McConnell’s no global warming skeptic, and told members of the House Committee on Science, Space and Technology he thought the U.S. should reduce CO2 emissions. McConnell said the Clean Power Plan (CPP), however, will only reduce global CO2 emissions by 0.2 percent.

That’s virtually no impact on warming at a high cost. EPA’s rule would only reduce projected warming by 0.01 degrees Celsius and projected sea level rise by 1/100 of an inch — the equivalent as two human hairs.

“It’s a waste of citizens money,” McConnell said.

McConnell, who headed the Energy Department’s fossil fuel office under Obama, became the executive director of Rice University’s Energy and Environment Initiative 2013. McConnell was invited by Republican lawmakers to testify on the inadequacies of EPA’s plan to cut emissions.
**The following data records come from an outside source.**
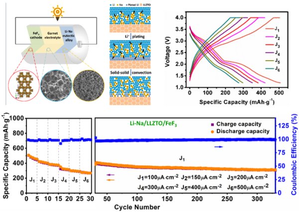 Li-Na/LLZO/FeF3固态电池构架,共晶合金固-固对流示意图,Li-Na/LLZO/FeF3电池的倍率和循环性能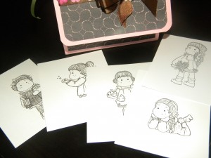 1. Share and Share A Like (Accordion Box FILLED with stamped images ready for Copic Coloring) – I just LOVE this! This one is absolutely my FAVORITE! I love the colors she used for the “purse” and I can’t believe all the time she took to FILL this with such adorable stamps!!!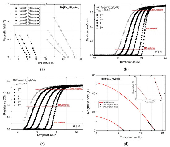 Temperature dependence of the magnetic field (a) and resistance in the applied magnetic field (b,c), as well as Werthamer–Helfand–Hohenberg (WHH) fitting with paramagnetic effect (d) for Ba(Fe1−xNix)2As2 films with x = 0.05 and 0.08. The complete dataset of the R(T,B) measurements is shown in a previous paper [16].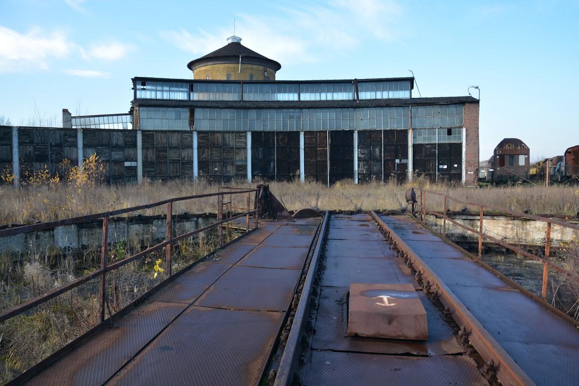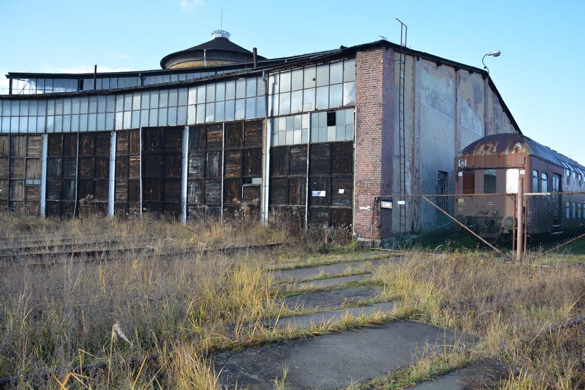 Located in the open-air Railway Museum in Pyskowice. The building’s construction in made up of sheet metal with the number of small windows. The interiors are spacious and not furnished. The old, rusted railroad switch is located just outside the depot’s main entrance with a small, shabby shed situated right next to it.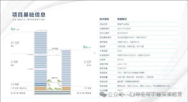 办公租赁楼层:A塔-低区3F-19F;高区21F-32F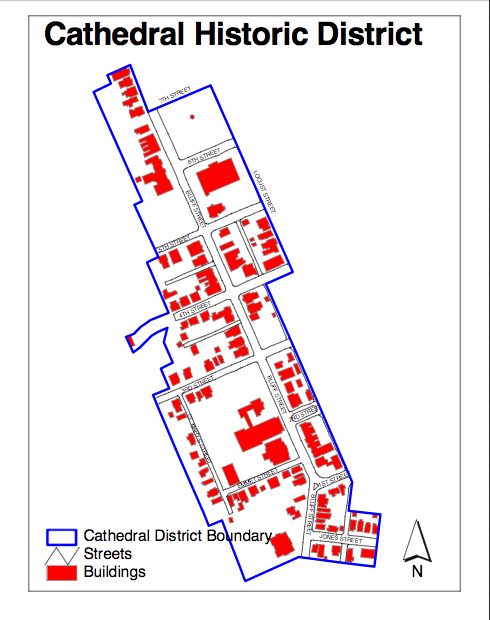 ◙there is little evidence that the Cathedral district ever included much if any commercial buildings or services, apart from the commercial zone along Locust Street.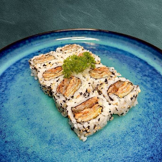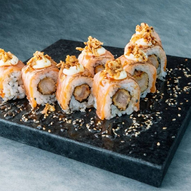 Shari temperado, tilápia fina com creamy cheese, envolto em alga e finalizado com capa de salmão e cebola crispy.

The CPP forces states to cut CO2 emissions from power plants 32 percent by 2030. EPA has acknowledged the CPP on its own would do virtually nothing to stop projected global warming, that’s why the agency has said the CPP is necessary to spur global efforts to cut emissions.

“We see it as having had enormous benefit in showing sort of domestic leadership as well as garnering support around the country for the agreement we reached in Paris,” EPA Chief Gina McCarthy told lawmakers in March, referring to a recently signed United Nations climate deal.

McConnell’s testimony sharply criticized EPA’s CPP, and even slammed the agency for doing subpar analysis when it came to how cramming more green energy onto the electric grid would impact reliability.

He said EPA consulted with his office at DOE about future “resource adequacy” of the grid, not grid reliability. Resource adequacy refers to the sufficient theoretical capacity to meet predicted demand.

“This is simply theoretical, linguistic mumbo jumbo offered by that agency in order to sound like an analysis,” McConnell said. “It’s theoretical, but it’s not thoughtful.”